1950年代、ソ連が1957年に人工衛星スプートニク1号を打ち上げたことは、アメリカの各界に「スプートニク・ショック」と呼ばれる衝撃が走った。アメリカ政府は、ソ連に対抗するためにまずは学校教育を充実し、科学技術を発展させようとした。これに伴って「教育内容の現代化運動」と呼ばれる、小中学校からかなり高度な教育を行なおうとする運動が起こった。この運動が日本にも波及し、濃密なカリキュラムが組まれたが、授業が速すぎるため「新幹線授業」などと批判された。当時は、公立学校も私立学校もあまり違いがない学習内容だった。
小学校の学習指導要領は1968年に告示され1971年度から実施、中学校の学習指導要領は1969年に告示され1972年度から実施された。高等学校の学習指導要領は1970年に告示され、1973年度の第1学年から学年進行で実施された。高等学校の社会科や理科で旧課程のA・Bの区分は止め、新たに地理A(系統地理的)、地理B(地誌的)などを設置した。
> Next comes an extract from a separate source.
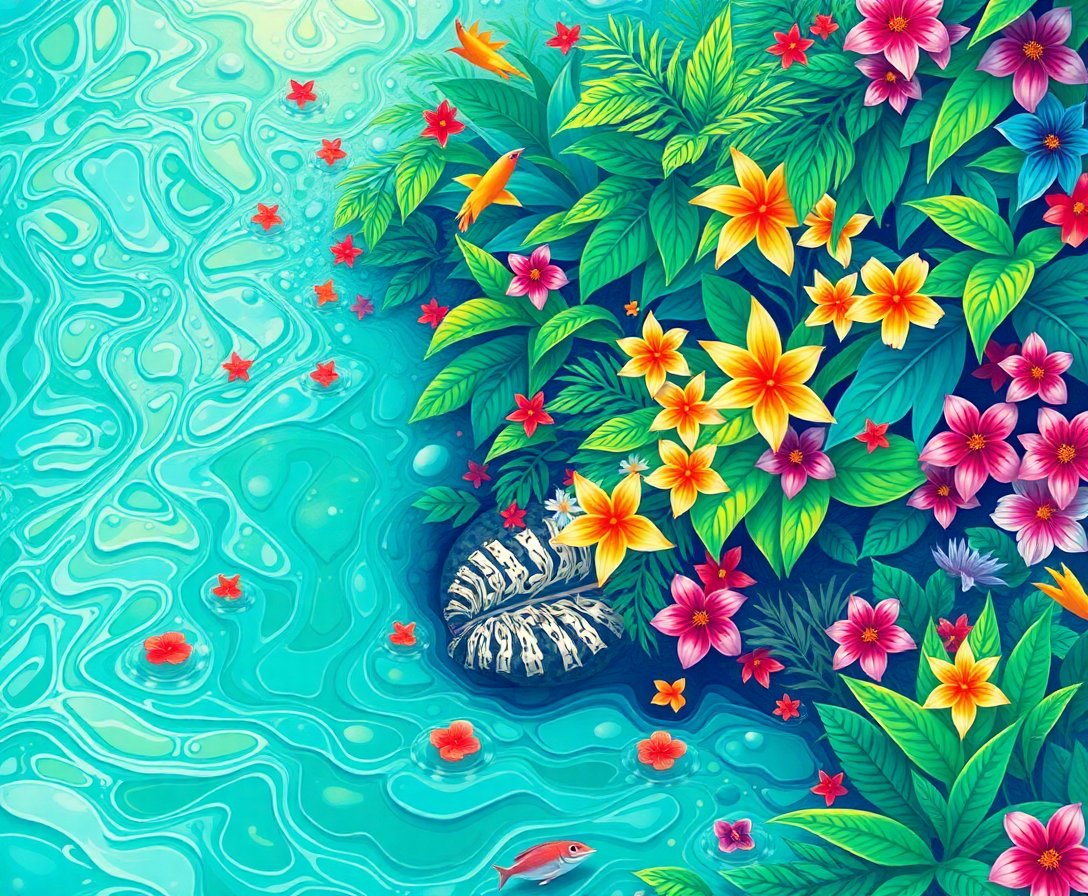 The realistic detail captures both serene ocean waters and delicate tropical petals with stunning accuracy. The turquoise tones create a calming atmosphere perfect for any living space.

そして、1976年に学習内容を削減する提言が中央教育審議会でなされた。
| 学校種 | 教科区分 | 各教科、各科目 | 教科以外の教育活動 | |
|---|---|---|---|---|
| 小学校 | 教科 | 国語、社会、算数、理科、音楽、図画工作、家庭、体育 | 道徳 | |
| 中学校 | 必修教科 | 国語、社会、数学、理科、音楽、美術、保健体育、技術・家庭 | 道徳、 特別活動(生徒活動〔学級会活動、生徒会活動、クラブ活動〕、学級指導、学校行事) | |
| 選択教科 | 外国語、農業、工業、商業、水産、家庭、その他特に必要な教科 | |||
| 高等学校 | 教科 | 国語 | 現代国語、古典I甲、古典I乙、古典II | ホームルーム、生徒会活動、クラブ活動、学校行事 |
| 社会 | 倫理・社会、政治・経済、日本史、世界史、地理A、地理B | |||
| 数学 | 数学一般、数学I、数学IIA、数学IIB、数学III、応用数学 | |||
| 理科 | 基礎理科、物理I、物理II、化学I、化学II、生物I、生物II、地学I、地学II | |||
| 保健体育 | 体育、保健 | |||
| 芸術 | 音楽I、音楽II、音楽III、美術I、美術II、美術III、工芸I、工芸II、工芸III、書道I、書道II、書道III | |||
| 外国語 | 初級英語、英語A、英語B、英会話、ドイツ語、フランス語、外国語に関するその他の科目 | |||
| 家庭 | 家庭一般 | |||
| 家庭、農業、工業、商業、水産、看護、理数、音楽、美術、その他特に必要な教科 | ||||
ゆとりカリキュラムといわれる、教科の学習内容が少し削減された学習指導要領。
小学校6年間の総授業時数は5785コマで、国・算・理・社の合計授業時数は3659コマ。中学校3年間の総授業時数は3150コマ。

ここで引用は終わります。